Please reference the Table below for a comparison and performance analysis of the MMX technology and scalar implementation of texture mapping using bilinear interpolation and quadratic approximation. By commenting out the updates of ddu and ddv in the code, the reader can determine the (miniscule) performance impact and (significant) quality impact of non-perspective-correct mapping.

The executables for the two applications were compiled with Microsoft Visual C++ 4.1, with speed optimization turned on.

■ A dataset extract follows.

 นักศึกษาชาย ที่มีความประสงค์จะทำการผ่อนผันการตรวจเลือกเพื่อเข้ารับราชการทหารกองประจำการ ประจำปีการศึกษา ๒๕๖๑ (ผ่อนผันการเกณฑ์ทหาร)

Timings were measured with Intel’s VTune 2.0. [see http://www.intel.com/ial/vtune for information on ordering this product.]

8.0 Extrapolations

We leave as an excercise for the reader, the following worthwhile activities:

· Adaptation to RGB24 and/or RGB555 output pixel formats.

· Adaptation to RGB24 and/or RGB555 or RGB565 textures (no palette).

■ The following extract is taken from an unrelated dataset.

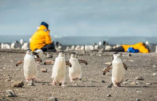 The infamous Drake Passage extends about 1,000 km (600 miles) between Cape Horn, on the tip of South America, and the South Shetland Islands. Crossing the Drake is a rite of passage for polar travelers. The channel, especially when the waves are high, is called the “Drake Shake.” (Conversely, when it’s calm, it earns the nickname “Drake Lake.”) The huge swells that frequently arise in the Drake Passage are the result of cold seawater from the south colliding with the warm seawater from the north, which results in powerful eddies. Crossing the Drake can take up to 48 hours in favourable conditions. Temperatures range from 5°C (41°F) in the north to -3°C (26°F) in the south. A good pair of eyes – or a strong set of binoculars – is handy to spot whales (humpback, orca, minke and fin) and seabirds (albatrosses, petrels, shags, skuas, and gulls) during the crossing.

· Transparent, blended, or chromakeyed textures

· Shaded and lit textures

· Fog

9.0 Tidbits

Below is a list of tips learned from writing this code:

· Reduce the number of pack and unpack instructions where possible. Shift and pack instructions share one shifter, so they    can’t be paired.

· Given two instructions that are pairable(one of the instruction can be issued to the V-pipe and the other can only be issued to    the U-pipe), schedule the one that requires the U-pipe first. Since the first instruction is always issued to the U-pipe first on    the Pentium processor, the second instruction can’t be paired if it requires the U-pipe.

· PMADD and PMUL each require 3 cycles. Schedule these instructions 3 cycles ahead before you reference the result.

· The data in an integer register must be ready two cycles before it is used by an MMX instruction as an address to reference    memory.

· Try to reuse MMX registers, since there are only eight.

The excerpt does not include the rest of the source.